This myth is based on the recognition that the federal government takes excess Social Security taxes and spends them to meet its bills and that, in return, the trust funds get only special issue bonds (IOUs) that will be repaid later. Those who promulgate this myth say that if Social Security's excess taxes were instead really invested, the program would have enough money to pay full benefits well past 2017.
Repaying the trust fund could delay Social Security's cash crunch, but it would not eliminate it. As described above, according to the Social Security Administration's own estimates, even with real money in the trust fund, the program will begin to run deficits in 2041 and will continue to run them as far into the future as the agency's forecasting tools can predict.
Social Security's calculations assume that the trust fund receives the same interest as other federal bonds. Even though the trust fund consists only of promises to repay the money, those bonds are still credited with the same interest rate that other bonds of the same maturity length issued on the same day would receive. Currently, the government does not have the ability either to save or to invest the money that is in the Social Security trust fund. Yet the 2041 deficit date assumes that Congress will somehow repay the $1.2 trillion that is currently owed to the trust fund and find a way to invest the additional surpluses as they occur.
If the government could invest Social Security money in stocks, the deficits predicted for 2041 could be avoided until a later time. However, allowing the government to invest the Social Security trust funds could create serious conflict of interest problems. For instance, if such investing had been allowed in the past, the U.S. government could have been the largest stockholder in Microsoft at the same time that it was suing the company for antitrust violations. It could also have been the largest stockholder in both WorldCom and Enron at the time of those firms' demise.
MYTH #5: Establishing a system of personal retirement accounts would drain between $1.0 trillion and $1.3 trillion out of the trust fund in the first 10 years alone, and the trust fund would be exhausted 14 years sooner than currently predicted.
Believers in this myth argue that the transition costs for establishing a system of personal retirement accounts would be huge and that the money that would go into those accounts would be unavailable to pay benefits to current retirees. They say that the surpluses in the system today are used to buy bonds for the trust fund and that, if this money were instead placed in personal retirement accounts, the trust fund would run out of money sooner.
The exact amount needed to implement a system of personal retirement accounts in its first 10 years will depend on the specific plan that is adopted, but it is likely to be much less than opponents of the accounts claim. While implementing personal retirement accounts will involve transition costs, in the long term, the amount required to reform Social Security could be as little as one-third the cost of continuing the current flawed system.
Keeping the Social Security system solvent in the future will require additional money under any circumstances. The only questions are when additional funds will be needed and in what amounts. Practically speaking, the funds for moving to personal retirement accounts would come from the same source as the money that would be necessary to repay the Social Security trust fund. The two main sources of such funds would be general (non-Social Security) revenues and loans in the form of government bonds. In fact, even the amounts needed to fund each option would be similar.
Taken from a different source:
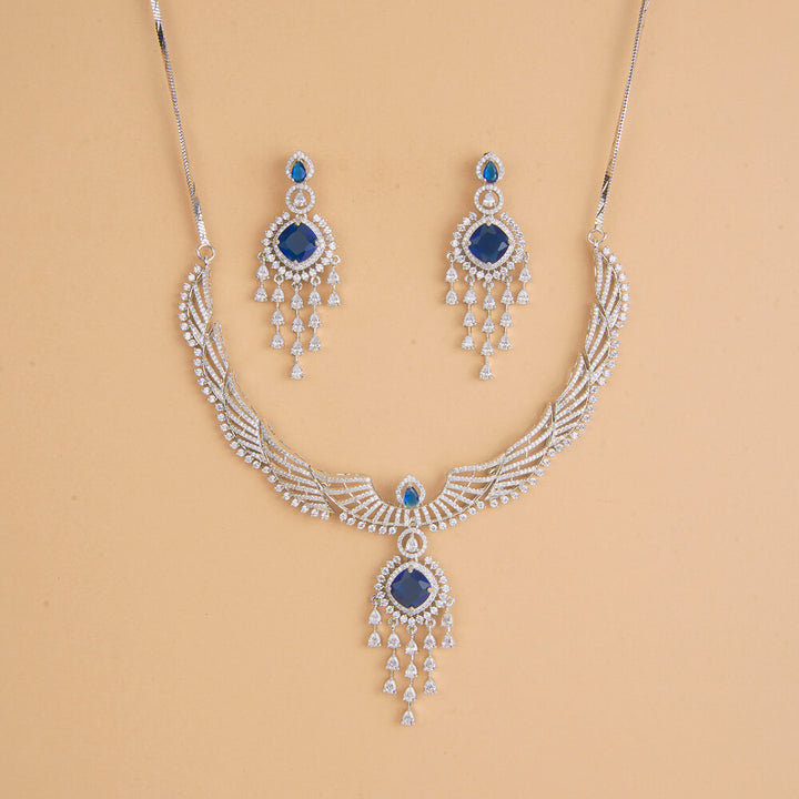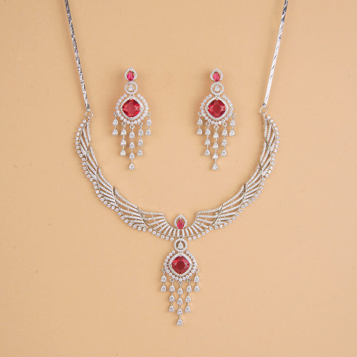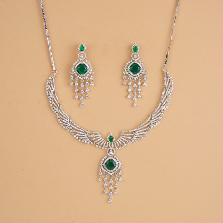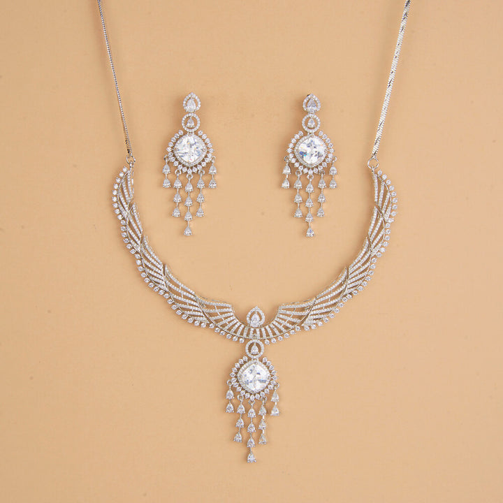 437323 Cubic Zirconia Classic Necklace Set With Rhodium Plating

The only issues that must be determined are the time at which payments should start and whether the trillions of dollars involved would in fact reform the system once and for all or simply delay its insolvency.
Under the current Social Security system, nearly $6 trillion (in 2002 dollars) would be needed just to repay the trust fund, with total cash flow deficits through 2077 running in excess of $25 trillion. In contrast, according to the Social Security Administration actuaries, it will take only about $7 trillion to fix the system permanently.5 That number is the Social Security Administration's estimated transition cost both for Option 2 from the President's Commission to Strengthen Social Security6 and for the DeMint-Armey reform plan.7
Under any circumstances, Social Security will require a great deal more money than it is receiving now if it is to remain solvent in the future. Although the exact amount that will be needed in the first 10 years will depend on the specific plan that is adopted, most experts estimate that the amount needed in the first 10 years will be closer to $500 billion than to the $1.0 trillion or $1.3 trillion figures that are often cited. Over the full 75-year period ending in 2077, if Congress delays a decision, it may have to come up with $25 trillion in total additional funding. If it acts quickly, these costs can be as low as $7 trillion.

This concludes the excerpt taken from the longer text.